▶ _What you have to do_
Return all of the following entries as written, but without the images.

Dataset records:
────────────────────

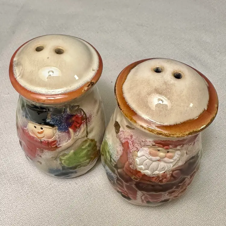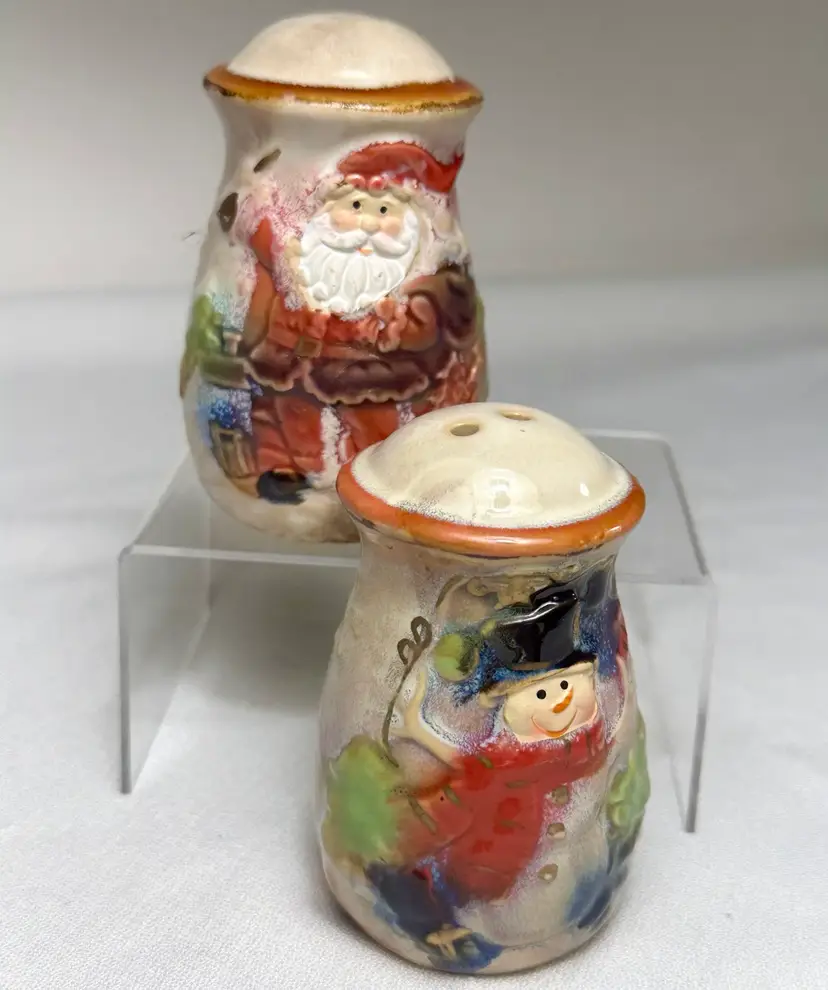 This listing is for a set of really cute vintage Christmas salt and pepper shakers. One is Santa and one is a reindeer. They are made of ceramic and they are beautifully glazed.
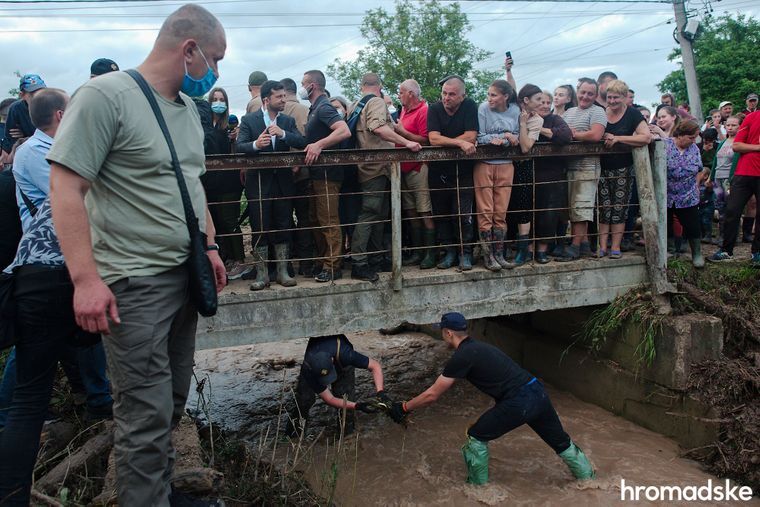 "Сельчане поднимаются с ними. Пытаются докричаться до президента, просят сделать селфи. На мостике сельский голова почти 15 минут отчитывается перед Зеленским и Аваковым – объясняет, почему затопило. Зеленский перебрасывается несколькими словами с местными, смотрит с Аваковым на течение. Разворачиваются и таким же плотным кольцом охраны идут обратно к кортежу", – комментируют события журналисты.
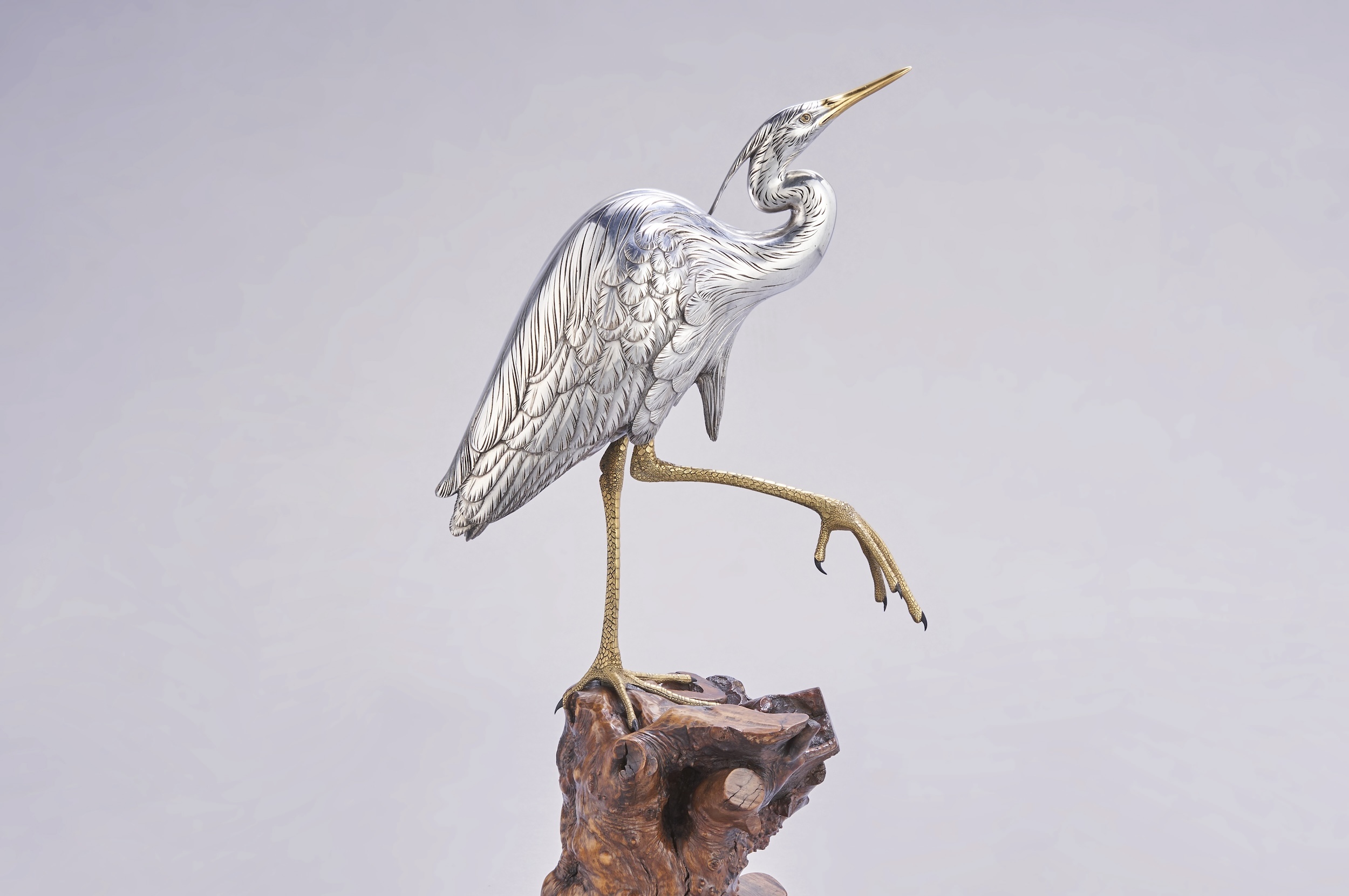 The focus of the exhibition is sculptures by metalwork masters like Takaze Kozan, Sekiguchi Shinya and Kano Seiun. To complement this offering, I’m also showing a select grouping of silver and cloisonné enamel objects by artists like Ishikawa Katsunobu, Kobayashi Bishun, Ando Jubei and Namikawa Yasuyuki.
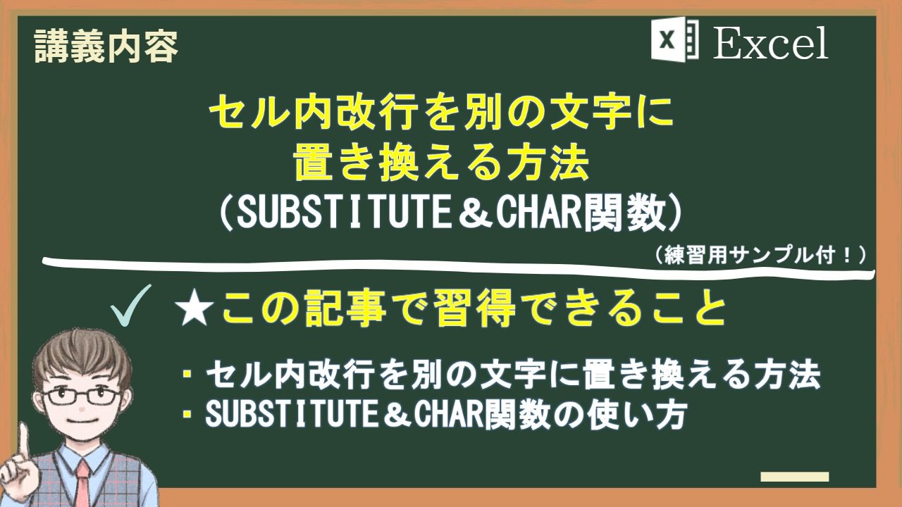 【現場の実務編52】セル内改行を別の文字に置き換える方法(SUBSTITUTE&CHAR関数)
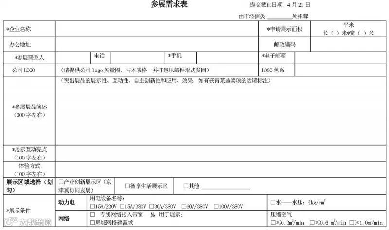 现邀请征集各相关单位参展,展示内容以上述展览主题和内容为方向,在形式上注重新颖性、创新性、高科技含量和互动体验,展示创新产品及解决方案,彰显本单位技术实力。纳入“智慧北京”展区的参展企业均免交场租和展台搭建费。(特装费用除外)请有参展意向的单位于4月21日前填写参展需求表(见附件2)并发邮件至zhangwen@bjeit.gov.cn报名。

────────────────────

▶ _Written solution_
 This listing is for a set of really cute vintage Christmas salt and pepper shakers. One is Santa and one is a reindeer. They are made of ceramic and they are beautifully glazed.
 "Сельчане поднимаются с ними. Пытаются докричаться до президента, просят сделать селфи. На мостике сельский голова почти 15 минут отчитывается перед Зеленским и Аваковым – объясняет, почему затопило. Зеленский перебрасывается несколькими словами с местными, смотрит с Аваковым на течение. Разворачиваются и таким же плотным кольцом охраны идут обратно к кортежу", – комментируют события журналисты.
 The focus of the exhibition is sculptures by metalwork masters like Takaze Kozan, Sekiguchi Shinya and Kano Seiun. To complement this offering, I’m also showing a select grouping of silver and cloisonné enamel objects by artists like Ishikawa Katsunobu, Kobayashi Bishun, Ando Jubei and Namikawa Yasuyuki.
 【現場の実務編52】セル内改行を別の文字に置き換える方法(SUBSTITUTE&CHAR関数)
 现邀请征集各相关单位参展,展示内容以上述展览主题和内容为方向,在形式上注重新颖性、创新性、高科技含量和互动体验,展示创新产品及解决方案,彰显本单位技术实力。纳入“智慧北京”展区的参展企业均免交场租和展台搭建费。(特装费用除外)请有参展意向的单位于4月21日前填写参展需求表(见附件2)并发邮件至zhangwen@bjeit.gov.cn报名。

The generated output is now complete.